I've tried several different parser generators (Bison, DParser, etc.) that claim to be able to generate GLR parsers i.e., ones that can handle ambiguous grammars. Here is a very simple ambiguous grammar of the type I'm talking about:

START: A | B;
A: C | D;
B: C | D;
C: T1 | T2;
D: T3 | T4;
T1: 't1';
T2: 't2';
T3: 't3';
T4: 't4';

I can generate the parsers just fine, but I get "unresolved ambiguity" errors or just outright crashes when I give the parser input that should be valid. There are no problems of any kind when I change the grammar to an unambiguous version.

What am I not understanding about GLR parsers? I thought the whole point was that in cases of ambiguity, ALL possible parses are tracked up until they merge or reach a dead end. All I need is a parser that can tell me whether there is ANY valid parse of the input.

Thanks for any help.

edit:

This is frustrating. Using %dprec and %merge I've been able to get Bison to handle ambiguous rules and terminals, but it still chokes on very simple but highly pathological pseudo-English grammars of the kind that I need to handle:

S: NP VP | NPA VP;
NPA: D N | NP PP;
NP: D N | NP PP | NPA;
VP: V NP | VP PP;
PP: P NP;
D: "the" | "a";
P: "in" | "with";
V: "saw";
N: "saw" | "girl" | "boy" | "park" | "telescope";

With input "a boy saw a girl", Bison is unable to parse and returns with code 1. Tom on the other hand, deals with this grammar and this input sentence flawlessly, and even naturally handles unknown terminals by just assigning them to all possible terminal types. But unlike Bison, Tom chokes on large grammars. (By "chokes" I mean fails in various different ways. If the failure modes would be helpful, I can report those.)

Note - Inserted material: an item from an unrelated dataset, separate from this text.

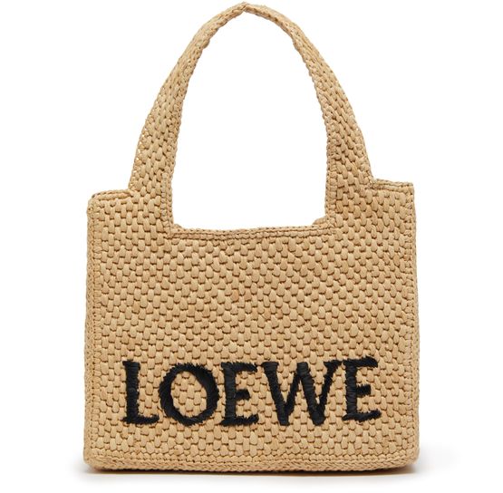 Loewe's Font tote mini bag is a chic accessory with a front logo detail. It has a single compartment and double handles for easy carrying. This hand carried bag also comes with a thin strap that can be worn on the shoulder or detached for a different look.

Anyone have any other ideas?


Solution

  • Unfortunately, bison really insists on producing a (single) parse, so you have to specify some way to merge ambiguous parses. If you don't, and there is more than one possible parse, bison's GLR parser will indeed complain that the parse is ambiguous.

    If you don't really care which of the multiple parses is accepted, then it's not too difficult to bend bison to your will. The simplest way is to just assign a different %dprec to every possibly ambiguous production. Bison will then select whichever applicable production happens to have the best precedence.

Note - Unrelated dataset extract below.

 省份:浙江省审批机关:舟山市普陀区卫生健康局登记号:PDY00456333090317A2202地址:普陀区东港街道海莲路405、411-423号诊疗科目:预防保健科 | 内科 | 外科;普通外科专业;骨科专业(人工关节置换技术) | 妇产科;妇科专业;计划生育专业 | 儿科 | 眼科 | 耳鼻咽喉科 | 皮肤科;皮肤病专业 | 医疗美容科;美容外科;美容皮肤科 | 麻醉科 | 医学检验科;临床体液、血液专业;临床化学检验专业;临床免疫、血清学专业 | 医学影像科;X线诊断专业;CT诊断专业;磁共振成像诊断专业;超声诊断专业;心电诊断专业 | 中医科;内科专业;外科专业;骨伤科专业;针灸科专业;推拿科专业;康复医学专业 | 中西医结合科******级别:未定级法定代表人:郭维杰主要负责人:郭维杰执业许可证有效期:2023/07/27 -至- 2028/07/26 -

    You can even get bison to tell you about multiple parses with a simple %merge function; there is an example in the bison manual. (The documentation of this feature isn't great but it might be adequate to your needs. If not, feel free to ask a more specific question.)

    I don't have much experience with DParser, but the manual indicates that its behaviour when faced with multiple possible parses is similar: the default is to complain, but you can provide a trivial merge function of your own: (The quote comes from Section 12, Ambiguities)

    Ambiguities are resolved automatically based on priorities and associativities. In addition, when the other resolution techniques fail, user defined ambiguity resolution is possible. The default ambiguity handler produces a fatal error on an unresolved ambiguity. This behavior can be replaced with a user defined resolvers the signature of which is provided in dparse.h.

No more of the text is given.